すれっからし令嬢は傷心中
「――よって、フィオナ・ボールドウィン! 私は貴様との婚約を破棄する!」
(はいはい、テンプレ乙~)
いっそ見ている方が恥ずかしくなるほどのドヤ顔、かつ声高々に私との婚約破棄を宣言したのは、昨日まで私の婚約者だった青年……基、この国の王太子だ。
彼の隣にはふんわりと可愛らしい、まるで砂糖菓子のように甘い色合いをした美少女が肩を抱かれて寄り添っており、更にそんな二人を取り囲むように法務大臣や財務大臣、騎士団長の息子などが立ち並んでいる。
今日も今日とて殿下と愉快な仲間たちが揃い踏みで、本当に嫌になっちゃうなぁ! と、私は既にライフポイントがゴリゴリ削られている。

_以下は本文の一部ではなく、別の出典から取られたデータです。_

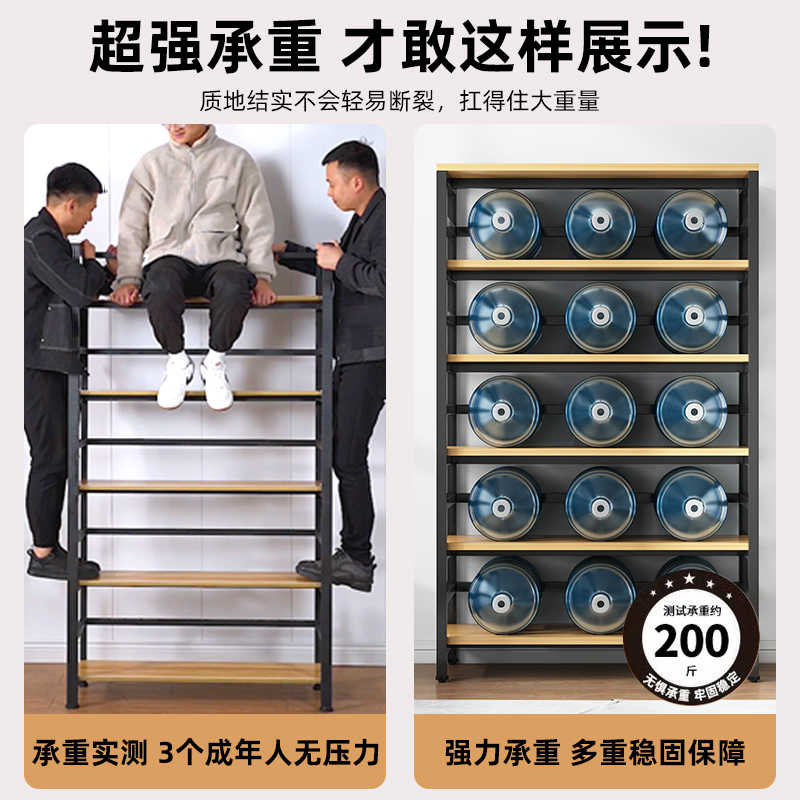 书架落地储物架子一体靠墙货架玩具收纳架家用多层书柜铁艺置物架

(せっかくの晴れの日なのに、ホント、空気読めない人たちだわ……)
今日は四年間通った学園の卒業式。
貴族子女の通う学び舎、ということでそこそこ大きな卒業パーティなる催しがあり、華々しい思い出で卒業生たちが学園生活を終わらせる日になるはずだった。
それをぶち壊したのがあちら、殿下と愉快な仲間たち。
前世で読んだ悪役令嬢+婚約破棄が題材のネット小説の、悪役令嬢に婚約破棄を突き付ける側テンプレを詰め合わせたような面々であり、かの美少女に男どもは一人残らず首ったけ。
この国の次代を担う人材が揃った『黄金世代』なんて呼ばれている殿下や名だたる名家のご令息たちを、たった一人、それも一年の間にメロメロにしてしまった美少女ちゃんの手練手管はまさに脱帽モノである。
とてもじゃないが私にはできないことなので素直にすごいと思うし、拍手や賛辞のひとつでも送って純粋に褒めたたえたいくらい。
もっとも、そんなことをしたって彼女からすれば嫌味にしか取れないだろうし、あくまでも私の心の中に留めておくけれど。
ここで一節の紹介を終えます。